● Work task: The copy you give must match the records exactly, except that it holds no images.

● Material provided:

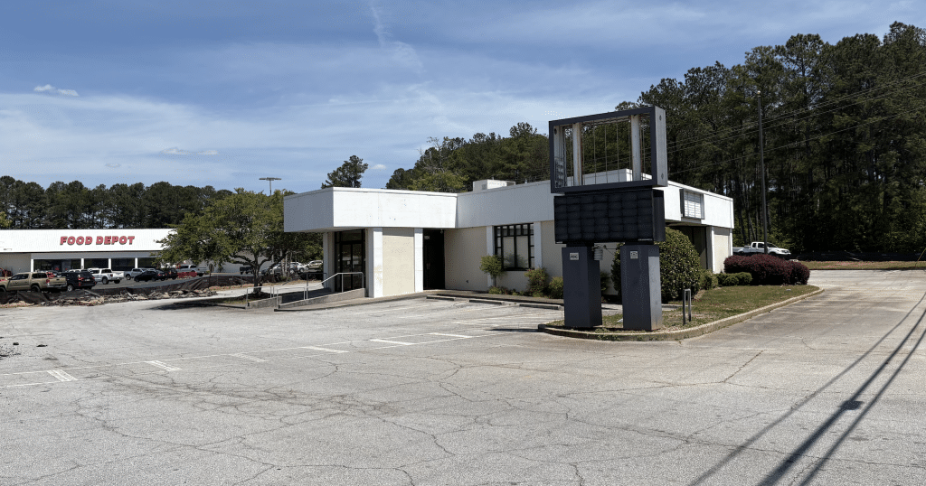 The bank building had been under contract for some time and has now sold to a buyer planning to redevelop the site. A construction fence has gone up in recent days as activity begins. It remains unclear whether the existing building will be repurposed or demolished, but the property will likely require underground fuel tank installation and a major overhaul.
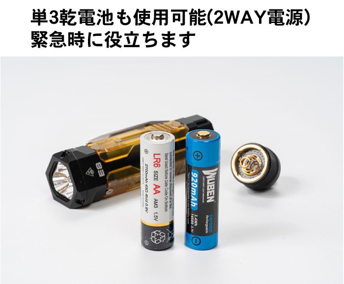 WUBEN【E8】は充電式リチウムイオン充電池に加えて、エネループや市販の単3アルカリ電池も使用可能。
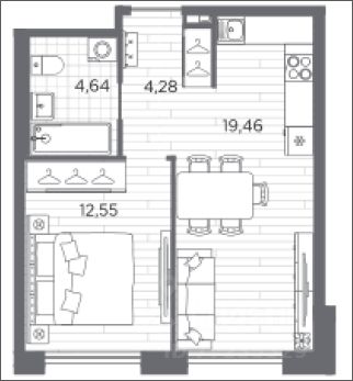 Мебель: вся выполнена на заказ по индивидуальному проекту дизайнера из Еггер. В прихожей все продумано до мелочей, есть куда положить ключи, сумку, перчатки, средства для обуви. В спальне большой шкаф с хозяйственным отделение для швабры и пылесоса, рабочая зона или туалетный столик. Кухня выполнена в трендовом дизайне, прямая - всегда самый удобный вариант в использовании, в которую поместилось все необходимое. Мягкая мебель так же заказывалась индивидуально - раскладной диван и кровать с подъемным механизмом. А так же раскладной стол из шпона дуба и дизайнерские стулья.
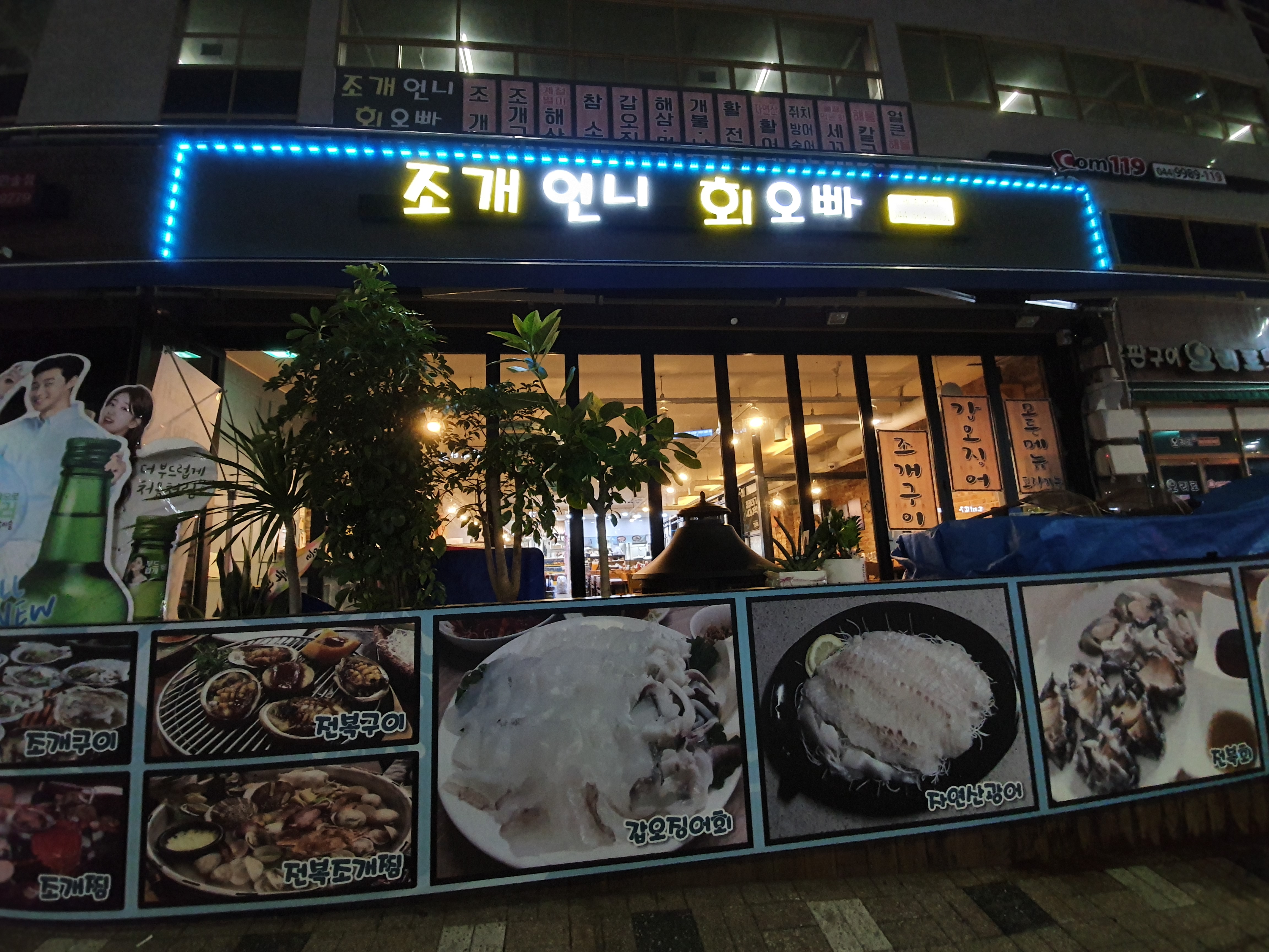 조개 언니 회 오빠라는 가게명은 개인적으로는 별 고민 없이 만든 이름이 아닌가 해서 좀 아쉽지만 누가 들어도 조개와 회를 판다는 것은 알 것 같은 가게명이다.
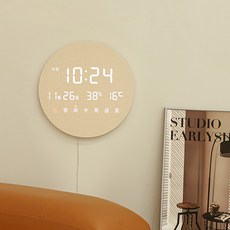 심플한 디자인에 LED 디스플레이로 시간과 날짜를 동시에 확인할 수 있어 실용적인 27cm 벽시계다.
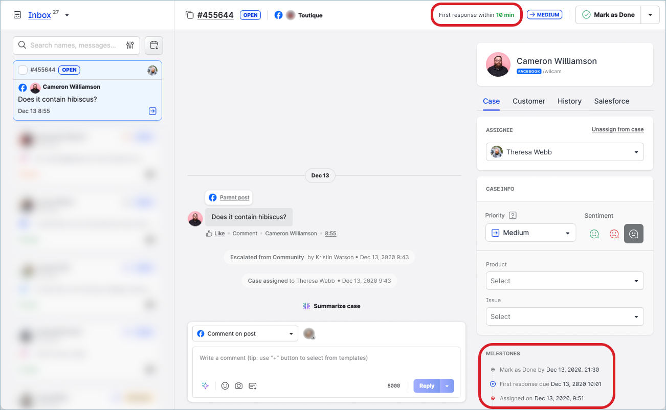 Each case that has an SLA policy assigned contain information about the SLA policy, its milestones, and timestamps. This information can help Care agents and supervisors understand the progress of the case and quickly identify what the past, current, and future milestones are and whether the milestones were breached or completed on time.

● Task result:
 The bank building had been under contract for some time and has now sold to a buyer planning to redevelop the site. A construction fence has gone up in recent days as activity begins. It remains unclear whether the existing building will be repurposed or demolished, but the property will likely require underground fuel tank installation and a major overhaul.
 WUBEN【E8】は充電式リチウムイオン充電池に加えて、エネループや市販の単3アルカリ電池も使用可能。
 Мебель: вся выполнена на заказ по индивидуальному проекту дизайнера из Еггер. В прихожей все продумано до мелочей, есть куда положить ключи, сумку, перчатки, средства для обуви. В спальне большой шкаф с хозяйственным отделение для швабры и пылесоса, рабочая зона или туалетный столик. Кухня выполнена в трендовом дизайне, прямая - всегда самый удобный вариант в использовании, в которую поместилось все необходимое. Мягкая мебель так же заказывалась индивидуально - раскладной диван и кровать с подъемным механизмом. А так же раскладной стол из шпона дуба и дизайнерские стулья.
 조개 언니 회 오빠라는 가게명은 개인적으로는 별 고민 없이 만든 이름이 아닌가 해서 좀 아쉽지만 누가 들어도 조개와 회를 판다는 것은 알 것 같은 가게명이다.
 심플한 디자인에 LED 디스플레이로 시간과 날짜를 동시에 확인할 수 있어 실용적인 27cm 벽시계다.
 Each case that has an SLA policy assigned contain information about the SLA policy, its milestones, and timestamps. This information can help Care agents and supervisors understand the progress of the case and quickly identify what the past, current, and future milestones are and whether the milestones were breached or completed on time.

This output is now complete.